To some people, the idea of a brain-computer interface may seem alarming, if not scary.
There are a lot of dystopian ideas associated with these devices, such as that people will be able to control your mind, telepathy, A.I. will take over your brains, you’ll become a cyborg.
Although brain-comper interfaces don’t currently serve these purposes, maybe one day they will be able to do such futuristic things.
In this article, I’ll give you a brief insight into the purposes of brain-computer interfaces, and how they are being implemented today to change our future.
Before we dive into brain-computer interfaces, we need to briefly understand how the brain communicates.
If someone throws a baseball towards you, you’ll most likely sprint towards it and catch the ball. If you’re really extra you might dive and land on your hands and knees to ensure you catch it.
You’re upstairs in your room and your father calls your name and asks you to come downstairs to do a task most of us dread, doing the laundry. You rush down before your parents get annoyed and begin to lecture you about punctuality.
So, how do we know how to do these tasks?
Essentially our brain is the master organ of our body, and it is made up of billions of cells referred to as neurons.
These neurons carry information that consists of electrical pulses, and essentially whenever you do anything, neurons in your brain fire off. A neuron has branches that look like a tree, and they are called dendrites. The dendrites receive signals, and a longer projection that looks like a tree trunk, called the axon, sends signals.
These electrical pulses can jump from neurons to neurons through the use of the nerve releasing chemical signals called neurotransmitters.
At the end of the axons, we can find synapses which act as a channel for neurons to communicate. The neuron transmitters will then use the synapses as a tunnel to travel from different neurons, creating new electrical waves where it travels.
Within brain-computer interfaces, electrodes are strategically planted to measure and monitor brain communication and perform tasks based on certain criteria.
So, what is a brain-computer interface?
Essentially a brain-computer interface (otherwise known as a BCI) is a system that allows communication between the brain and machines.
To put things simply, they work in three main steps:
- Collect the brain signals
- Interpret the brain signals
- Output commands to a machine according to the brain signals that were monitored
BCIs can be differentiated into three separate categories:
This is what a non-invasive BCI looks like:
As you can see, the electrodes are placed on the top of the scalp and they are measuring the electrical potentials being produced by the brain or magnetic field.
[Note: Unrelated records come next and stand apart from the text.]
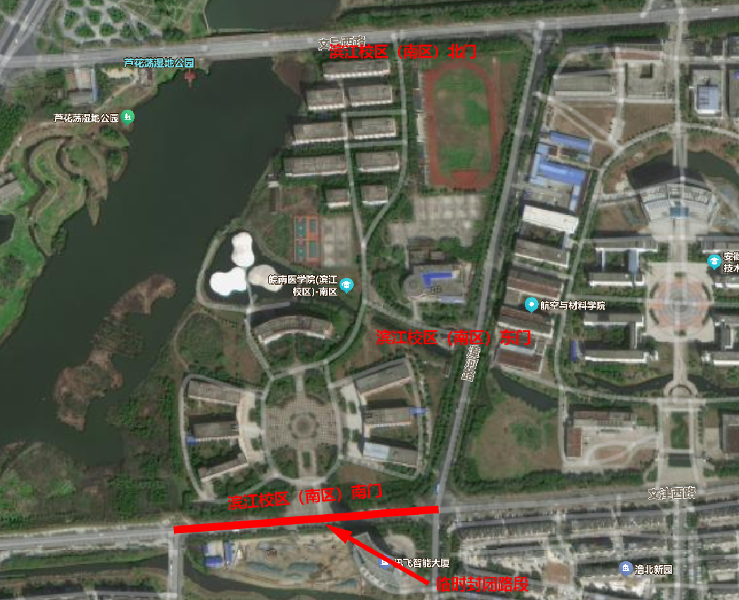 文津路西路道路改造项目工程正在施工。接施工单位通知,将对文津西路(九龙路至漳河路段)东西两侧实行全封闭施工(附图),届时学校滨江校区(南区)南门实行临时封闭。现将有关事项通知如下: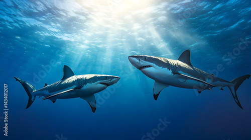 shark, underwater, ocean, marin, wildlife, predator, animal, swimming, nature, dangerous, white, blue, water, fish, big, powerful, hunting, oceanic, sea, sunlight, ray, illumination, fauna, great, shark, 2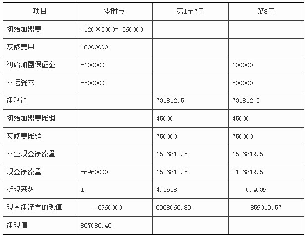 原始投资额=加盟保证金+初始加盟费+装修费+营运资本=100000+3000×120+6000000+500000=6960000(元)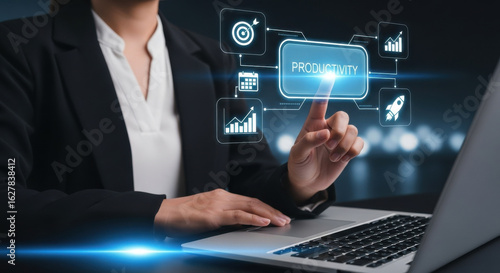 Businesswoman touching productivity icon on virtual screen, surrounded by digital business analytics, growth, and planning symbols, working on laptop in modern office environment
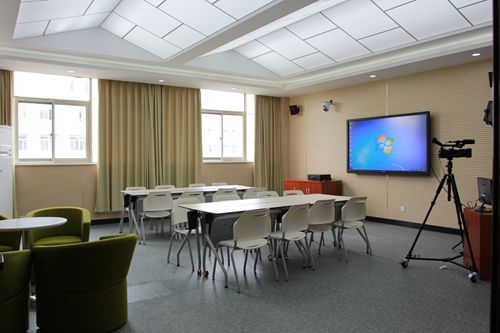 多功能教学观摩室配备云台一体网络摄像机、广播级微课录制摄像机、触摸演示屏,提供包括微课训练、微课录制、示范演示、小型座谈、工作坊、教学咨询、图书阅览等服务。

Non-invasive BCIs are able to read brain signals without the use of surgery and have the ability to control the user’s external environment.
Examples of the capabilities of non-invasive BCIs being used are for gaming, controlling robotics, and even prosthetics.
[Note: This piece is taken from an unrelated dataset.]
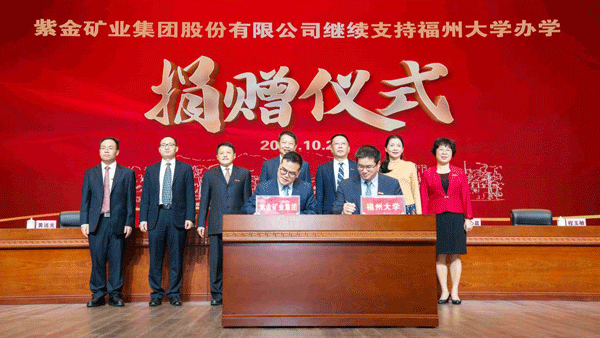 本网讯 10月26日晚间,紫金矿业继续捐赠1500万元支持福州大学办学举行了签约仪式,本次捐赠主要用于紫金科研楼扩建、教学科研条件改善以及高素质师资力量引进,以助力福州大学加快建成世界一流的东南强校。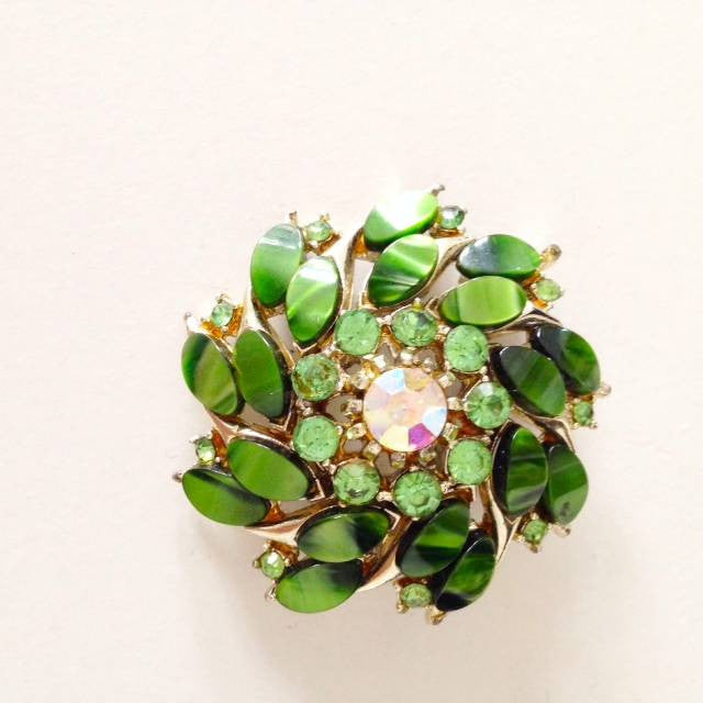 Beautiful swirling green thermoset brooch. Adorned with green rhinestones and a sparkling aurora stone in the middle. A truly stunning piece.

A semi-invasive BCI looks like this:
The electrodes are placed on the exposed surface of the brain.
This practice can be referred to as electrocorticography (ECoG), and this is the direct recording of electrical potentials associated with the cerebral cortex of our brain. The ECoG signal is captured from the electrodes which are placed in either the dura or in the arachnoid section of our brain.
Invasive BCIs are implanted deep into the brain during neurosurgery procedures.
The devices can consist of single-units that detect the signals from a specific area of brain cells or multi-units that detect the signals from multiple areas of brain cells.
Now that we’ve explored the three main types of BCIs that are used let’s take a look at the actual real-life purposes of these intricate devices.
A big use case of BCIs and a field that will be a huge focus in the future of these interfaces include restoring impaired functions of the human body.
Let’s remember that BCIs recognize the intent of an individual through brain signals, then decode the neural activity, and translate it into an output to accomplish a specific goal.
As a result of this process, BCIs are being developed to control prosthetics using non-invasive EEGs.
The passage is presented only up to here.